Requirement: Retype only the lines from the top of the records to the line with "どの子も力強く「パー」をして", including that line but none of the pictures.

BEGIN The records

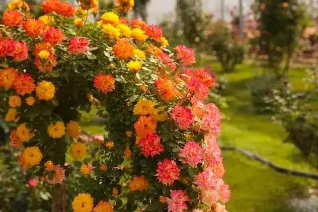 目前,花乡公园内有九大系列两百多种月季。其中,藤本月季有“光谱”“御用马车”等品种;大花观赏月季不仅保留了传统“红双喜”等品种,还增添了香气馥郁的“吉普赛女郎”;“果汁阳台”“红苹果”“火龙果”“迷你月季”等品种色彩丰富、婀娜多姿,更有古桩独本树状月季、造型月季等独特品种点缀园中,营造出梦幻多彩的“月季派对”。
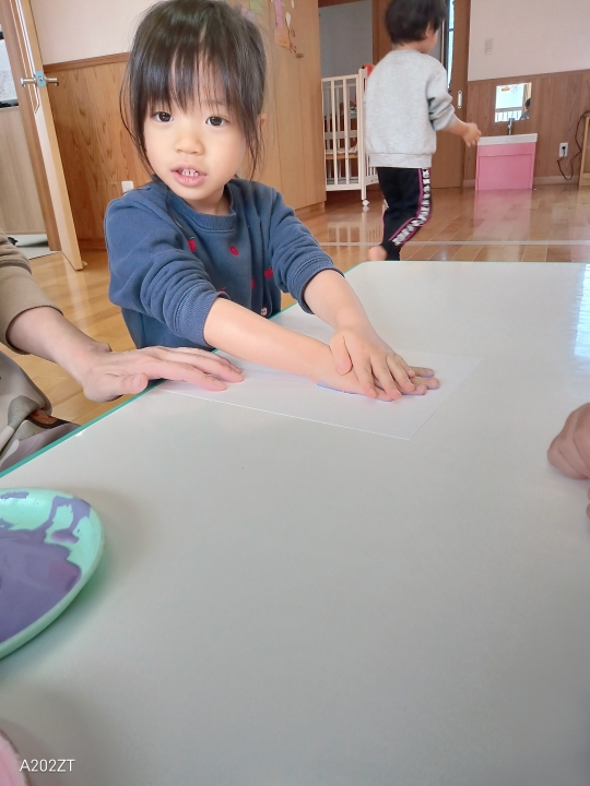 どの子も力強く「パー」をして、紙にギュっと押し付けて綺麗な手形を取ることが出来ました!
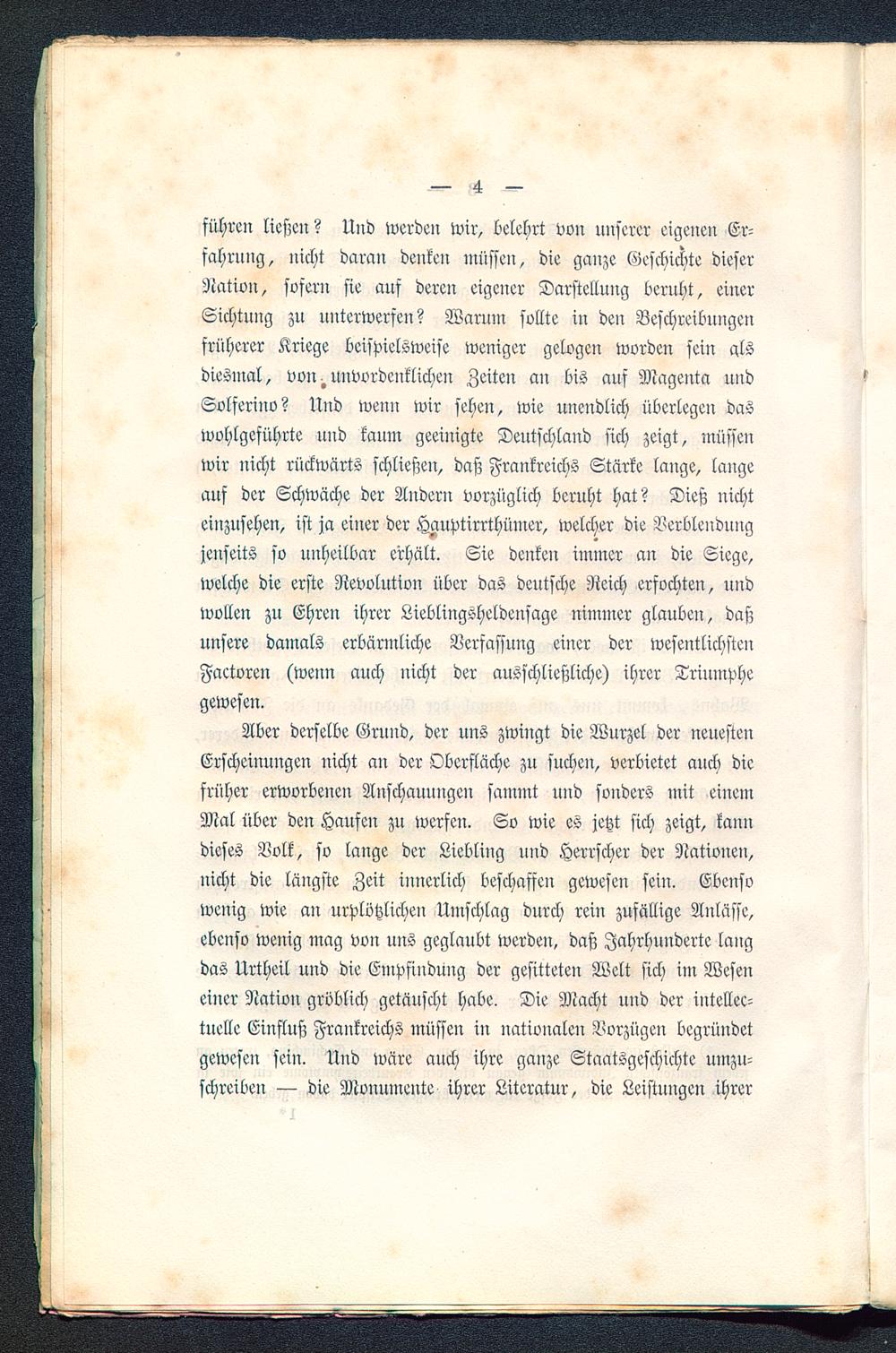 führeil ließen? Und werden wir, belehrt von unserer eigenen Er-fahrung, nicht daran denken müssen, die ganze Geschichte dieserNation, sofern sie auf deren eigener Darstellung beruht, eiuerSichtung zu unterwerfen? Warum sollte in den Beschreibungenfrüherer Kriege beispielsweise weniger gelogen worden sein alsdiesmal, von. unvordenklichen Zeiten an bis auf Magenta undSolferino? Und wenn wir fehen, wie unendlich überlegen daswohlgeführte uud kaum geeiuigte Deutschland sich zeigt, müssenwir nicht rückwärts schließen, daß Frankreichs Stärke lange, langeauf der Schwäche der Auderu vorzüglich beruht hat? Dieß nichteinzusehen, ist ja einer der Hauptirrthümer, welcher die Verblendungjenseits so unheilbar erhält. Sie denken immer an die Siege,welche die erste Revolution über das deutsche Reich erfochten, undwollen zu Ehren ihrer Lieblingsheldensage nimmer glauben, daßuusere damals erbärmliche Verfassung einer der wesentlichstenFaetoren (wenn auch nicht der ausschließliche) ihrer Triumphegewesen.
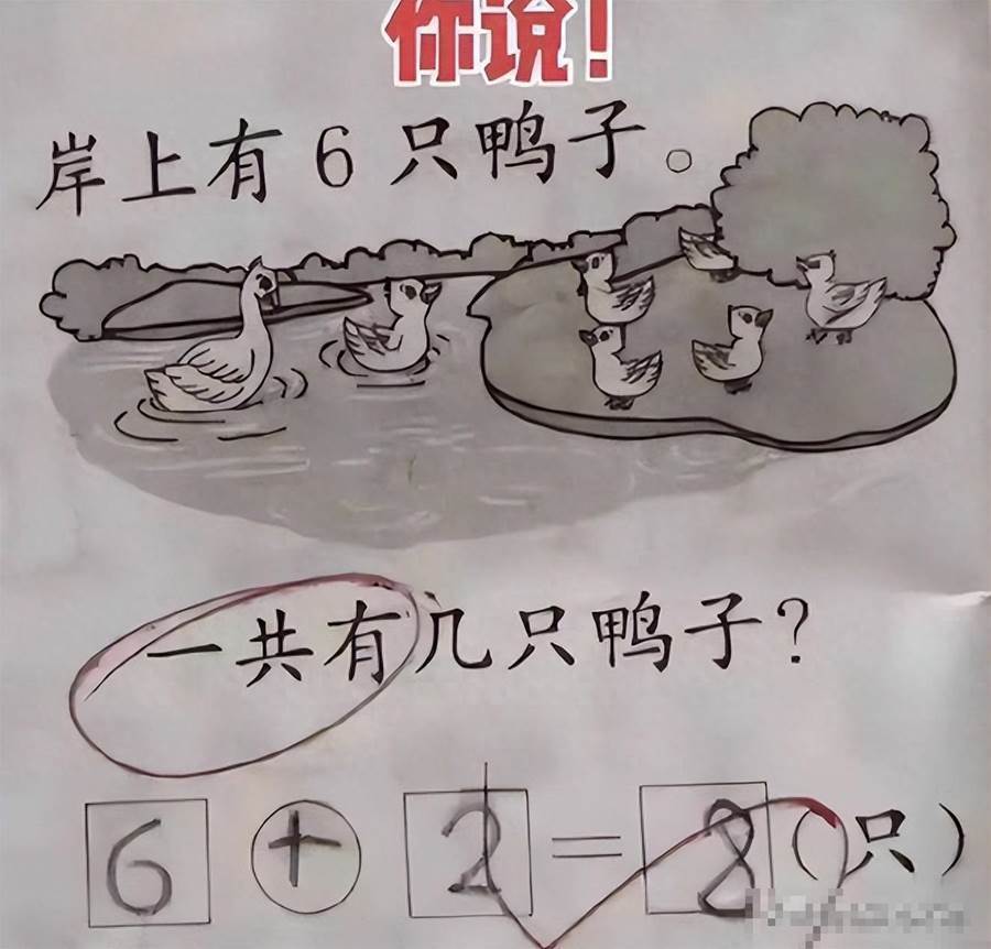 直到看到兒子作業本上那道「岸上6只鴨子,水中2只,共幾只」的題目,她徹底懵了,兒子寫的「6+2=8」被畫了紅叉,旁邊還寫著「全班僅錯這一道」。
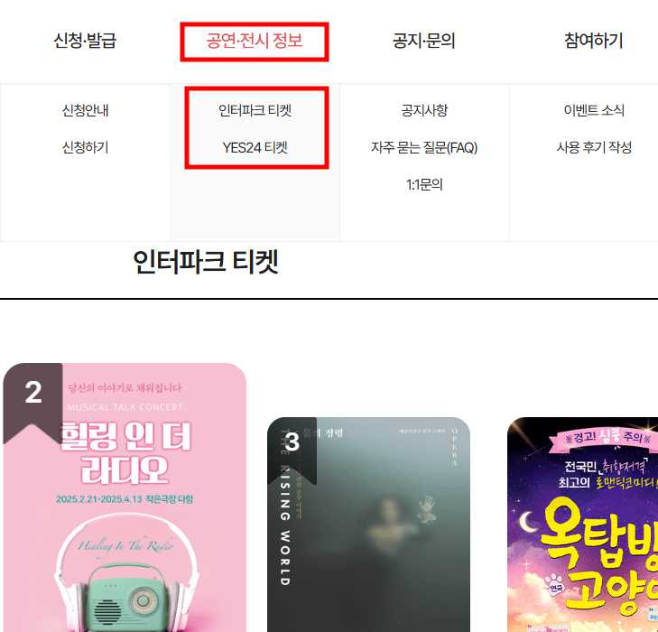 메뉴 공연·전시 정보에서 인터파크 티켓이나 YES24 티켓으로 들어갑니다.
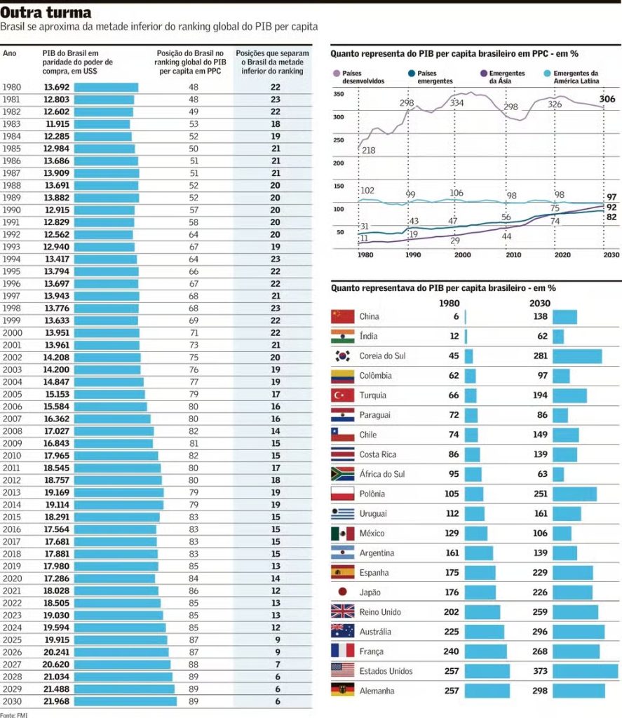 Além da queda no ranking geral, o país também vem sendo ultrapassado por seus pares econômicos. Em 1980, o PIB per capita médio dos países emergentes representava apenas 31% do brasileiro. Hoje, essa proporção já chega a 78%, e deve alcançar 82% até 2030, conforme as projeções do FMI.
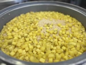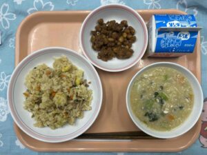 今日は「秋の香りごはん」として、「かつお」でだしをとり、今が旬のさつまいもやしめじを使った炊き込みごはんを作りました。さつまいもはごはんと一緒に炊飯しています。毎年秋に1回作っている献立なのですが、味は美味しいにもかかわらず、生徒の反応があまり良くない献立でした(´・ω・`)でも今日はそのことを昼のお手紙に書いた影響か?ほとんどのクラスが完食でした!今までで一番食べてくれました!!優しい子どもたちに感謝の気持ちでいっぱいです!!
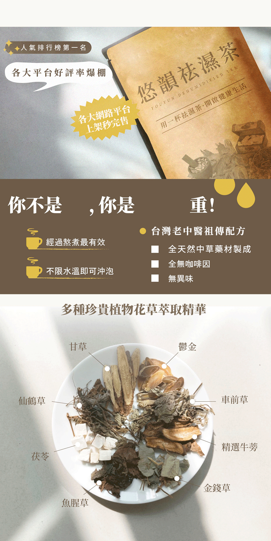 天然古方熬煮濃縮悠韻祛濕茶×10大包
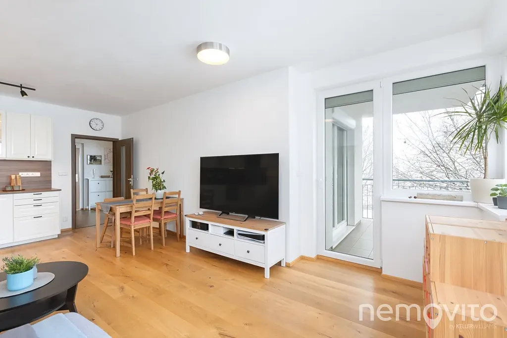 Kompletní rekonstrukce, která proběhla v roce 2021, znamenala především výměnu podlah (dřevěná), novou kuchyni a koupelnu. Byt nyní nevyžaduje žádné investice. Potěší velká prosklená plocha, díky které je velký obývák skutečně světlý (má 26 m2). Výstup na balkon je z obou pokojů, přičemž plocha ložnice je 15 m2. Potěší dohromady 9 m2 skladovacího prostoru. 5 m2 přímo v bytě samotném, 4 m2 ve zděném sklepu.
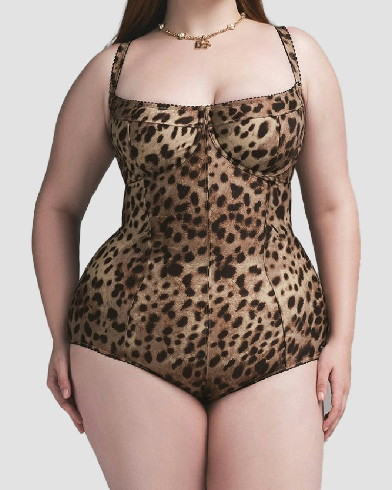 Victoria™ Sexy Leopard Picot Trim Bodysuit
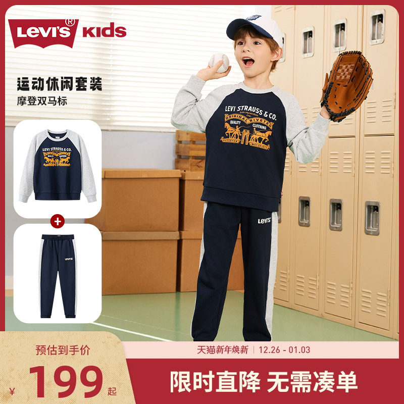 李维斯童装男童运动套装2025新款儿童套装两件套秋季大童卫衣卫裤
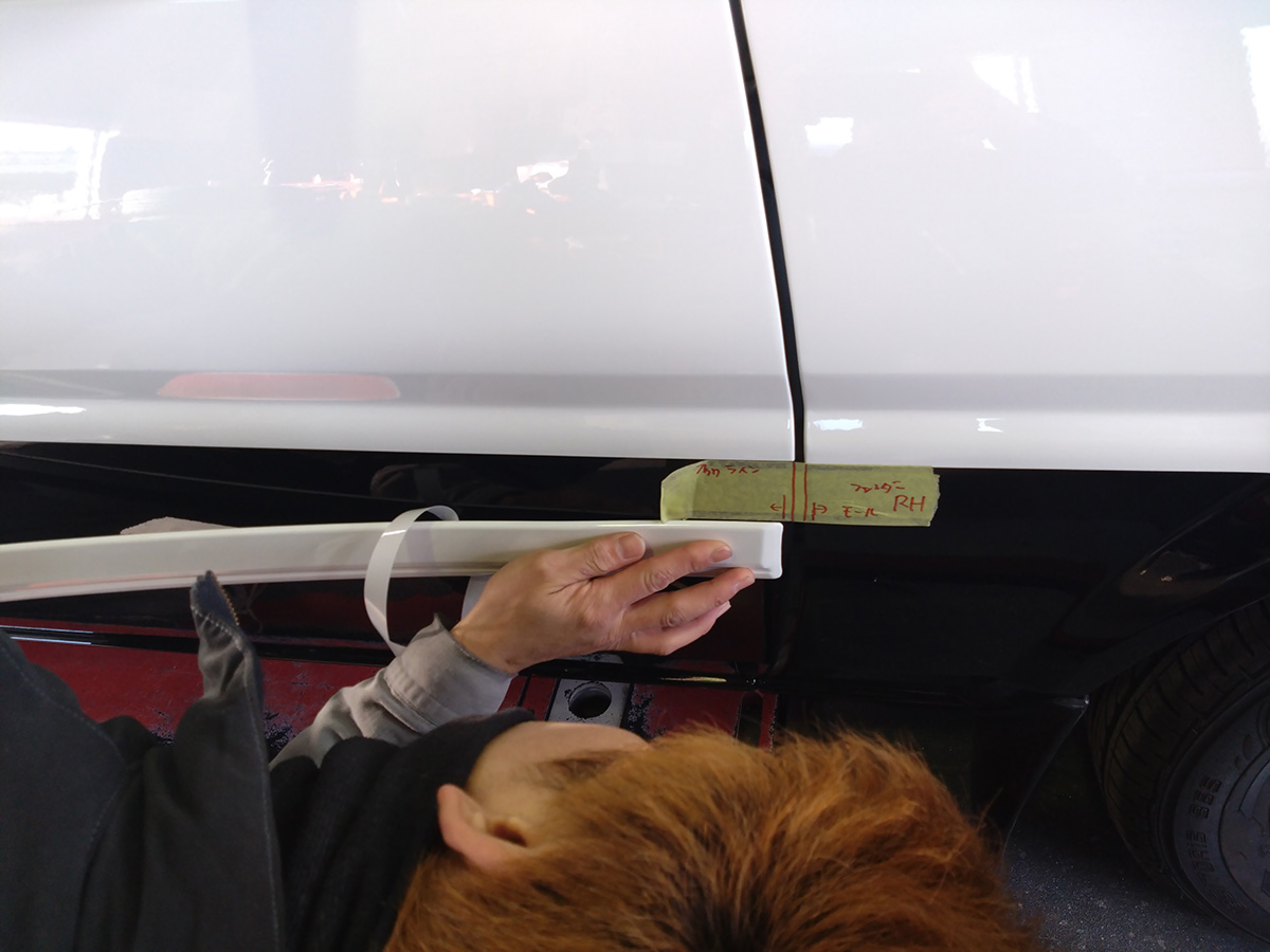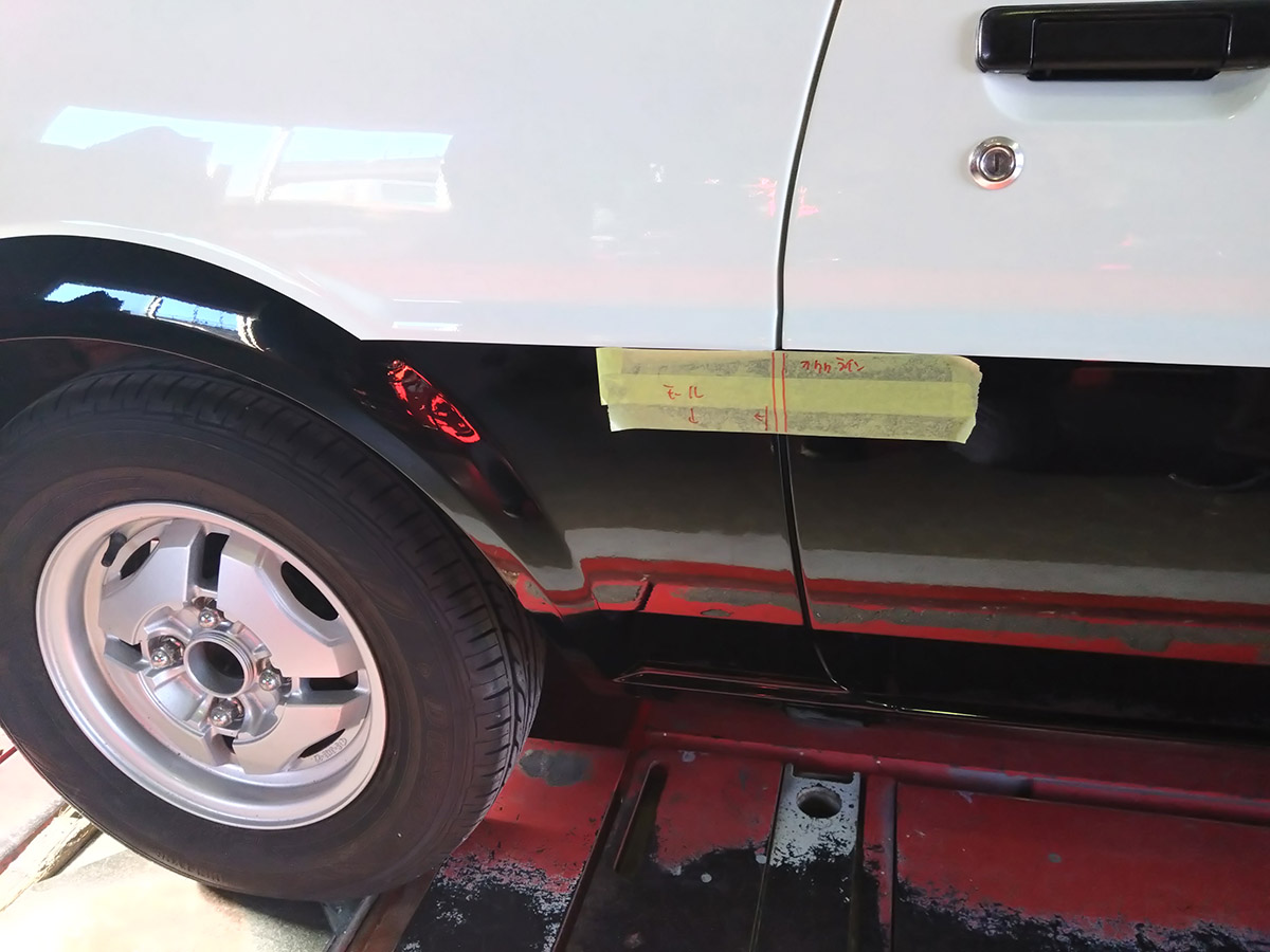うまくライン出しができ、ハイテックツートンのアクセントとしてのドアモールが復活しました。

END The records

Task solution:
 目前,花乡公园内有九大系列两百多种月季。其中,藤本月季有“光谱”“御用马车”等品种;大花观赏月季不仅保留了传统“红双喜”等品种,还增添了香气馥郁的“吉普赛女郎”;“果汁阳台”“红苹果”“火龙果”“迷你月季”等品种色彩丰富、婀娜多姿,更有古桩独本树状月季、造型月季等独特品种点缀园中,营造出梦幻多彩的“月季派对”。
 どの子も力強く「パー」をして、紙にギュっと押し付けて綺麗な手形を取ることが出来ました!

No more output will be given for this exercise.